A Skagway man gave a new account this week of how he took cover from the shooter at the Las Vegas music festival before trying to help dying victims in a desperate truck ride to a hospital.
Robert Murphy said he needed the help of a man who'd been shot in the leg to hold another victim, a dying woman, in the pickup they were riding in. Bodies, he added, were "heaped so high that she was falling off of the tailgate."
"So much death and pain," Murphy wrote Tuesday in a 750-word Facebook post that's been shared more than 200 times.
But, he added: "There is no way to describe the amount of courage and selflessness we witnessed that night."
First of all, we would like to thank everyone for such an outpouring of compassion and support. This has been harder to...
Posted by Robert Murphy on Tuesday, October 3, 2017
Murphy, 46, and his wife, Christy, were among more than a dozen Alaskans attending the Route 91 Harvest music festival Sunday night in Las Vegas. That's where authorities say 64-year-old Stephen Paddock shot and killed at least 59 people and injured more than 500 during a concert by country singer Jason Aldean.
Two Anchorage residents were killed.
Related: [Two Alaskans killed, one wounded in mass shooting at Las Vegas music festival]
One was Dorene Anderson, an Anchorage hockey enthusiast and self-described stay-at-home mother who was at the festival with her family.
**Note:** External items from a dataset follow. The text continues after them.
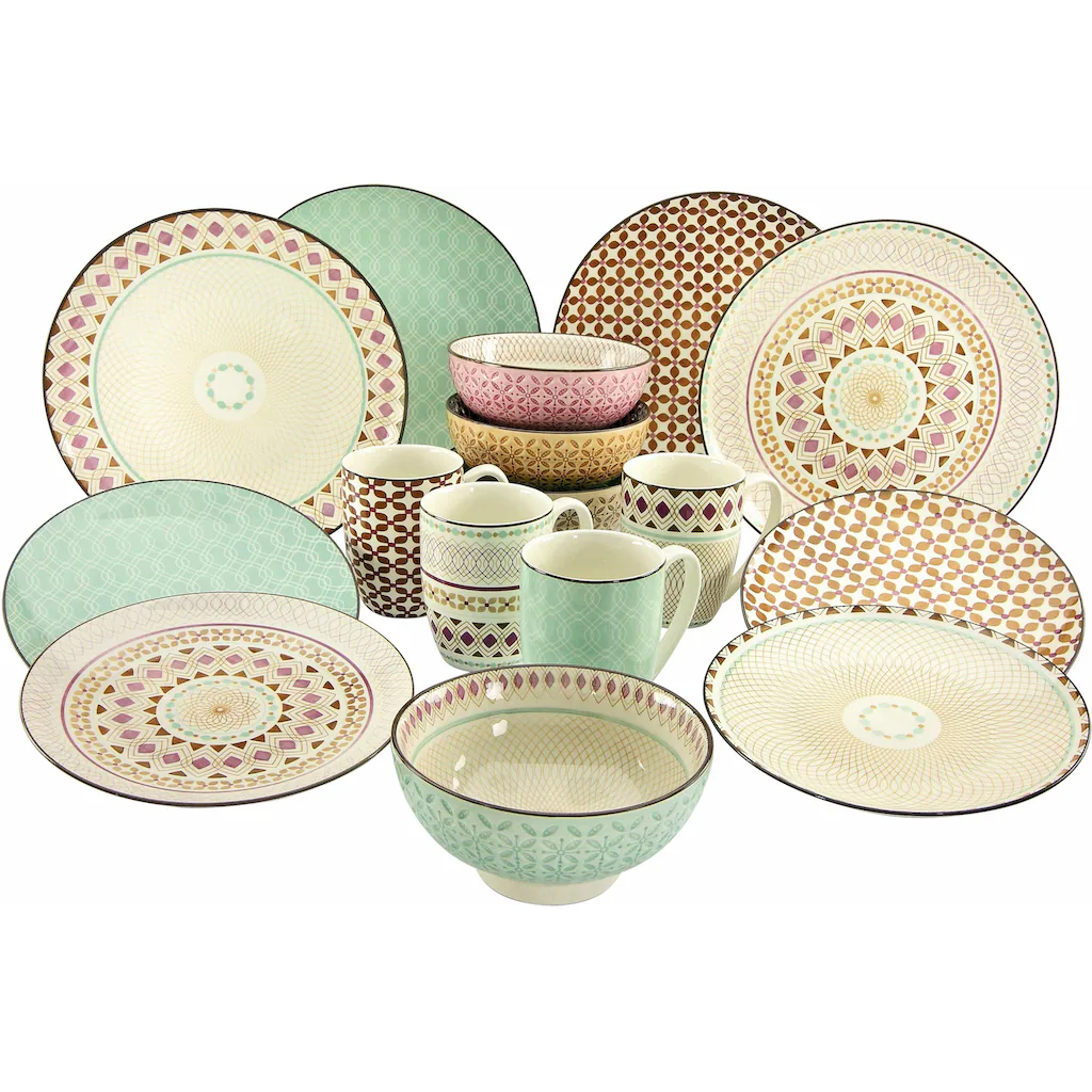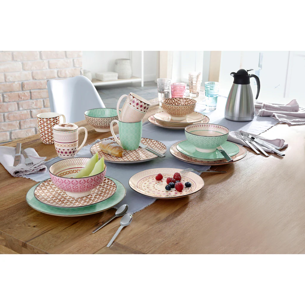 CreaTable Kombiservice »Mandala«, (Set, 16 Tlg., Kaffeeservice Und Tafelservice Im Set, Für 4 Personen), Service, 4 Designs
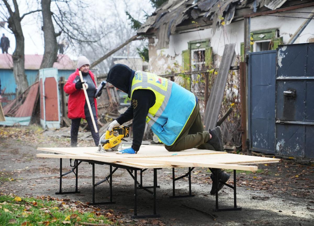 У Лозовій ремонтують пошкоджені обстрілами будинки.
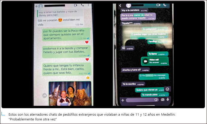 Los encuentros, de acuerdo con una investigación policial, se realizaron en un apartamento de Medellín, donde el pedófilo abusó de dos menores de entre 11 y 12 años. Tanto el depredador sexual como las proxenetas fueron capturados en los últimos días y los acusaron por los delitos de explotación sexual de niños, niñas y adolescentes, estímulo a la prostitución de menores y pornografía infantil.
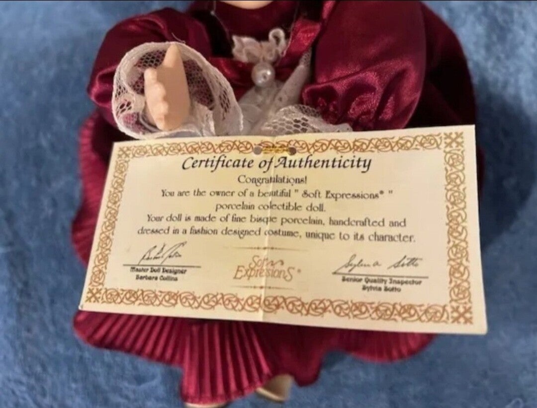 This is a beautiful Soft Expressions Porcelain Doll with Certificate of Authenticy. This beautiful windup Doll plays a soothing tune as she becomes alive with the music. Great for doll collectors.
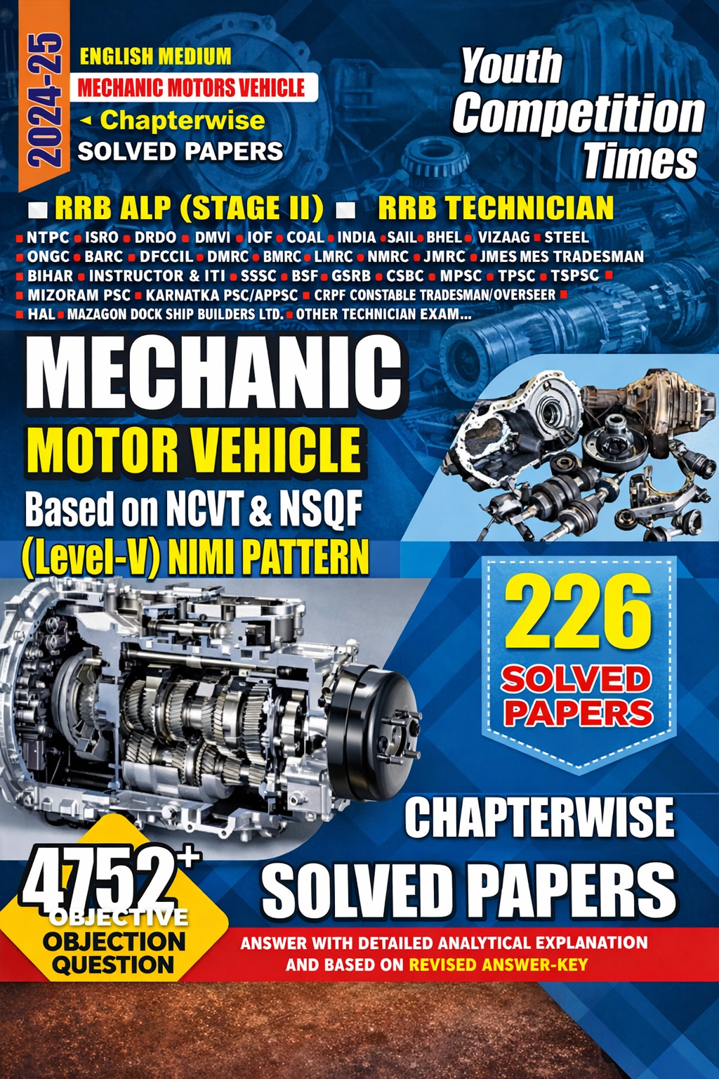 This book is a comprehensive resource for candidates preparing for various technician-level exams in India. Published by Youth Competition Times (YCT), it is specifically designed for the Mechanic Motor Vehicle trade, aligning with the latest vocational standards and exam patterns.

The other was 35-year-old Adrian Murfitt, a commercial fisherman and Dimond High School graduate who was shot in the neck and died in the arms of a close friend, Brian MacKinnon.
At least one other Alaskan, 52-year-old Rob McIntosh of North Pole, was injured. And several others have offered firsthand accounts of the mayhem during and after the shootings, including Audra McCann, a niece of Alaska Gov. Bill Walker.
Murphy owns a tourism business, Alaska Excursions, and has served on the city and borough planning and zoning commission in the small Southeast town of Skagway, a cruise ship destination about 90 miles north of Juneau by boat.
Related: [Girlfriend of Las Vegas gunman said she had no warning about massacre]
He posted his account late Tuesday, writing that he thought it would be easier to share it online, since "every time we are asked about our story, the details emerge again and it becomes harder and harder to talk about." He declined to be interviewed by phone, but fleshed out his account in a series of Facebook messages with Alaska Dispatch News.
Murphy said he was holding his wife's hand close to the front of the stage, where they were with a group of eight friends from California, when the shooting started. After hiding behind a vendor's booth, they eventually found their way out under a fence.
"Behind us looked like a war zone," Murphy wrote.
As victims began to emerge, Christy began stopping cars in traffic to help carry them away, he said. Robert, with the help of "total strangers," helped load people in.
"I saw a girl in the middle of a road on top of a beer cart. We lifted her to the back of the truck," he wrote. "We had bodies heaped so high that she was falling off of the tailgate, so I locked arms with someone in the back and held onto the truck with my other arm to keep her from falling out.
"I turned back to find my wife, as I knew I had to go with the truck. She was holding a victim. I yelled that I would find her, then we drove away," Murphy said. "The drive was over curbs and through red lights, and at one point I had to ask one of the victims — who had been shot in the leg — to help me hold the girl in. He was in immense pain and shock, but helped hold on despite himself."
The girl Murphy was helping "didn't make it," he wrote. Another girl also died on the drive, he said, but the rest of the people in the truck arrived alive.
He and others performed CPR on victims until staff from the hospital came to help. Then he and two others got back into the truck and returned to pick up more of the injured.
"It became harder and harder to find survivors. So much death," Murphy wrote.
Murphy and his wife are now back in Alaska, though the shooting, he said, has been more difficult to deal with than he expected.
"I'm still having a hard time," he wrote in a message.
But he also described, in his post, a "renewed faith in humanity" inspired by the response to the shooting that he witnessed Sunday.
"Every person was blind to color and race: We were all one," Murphy wrote. "So many brothers and sisters, so many heroes."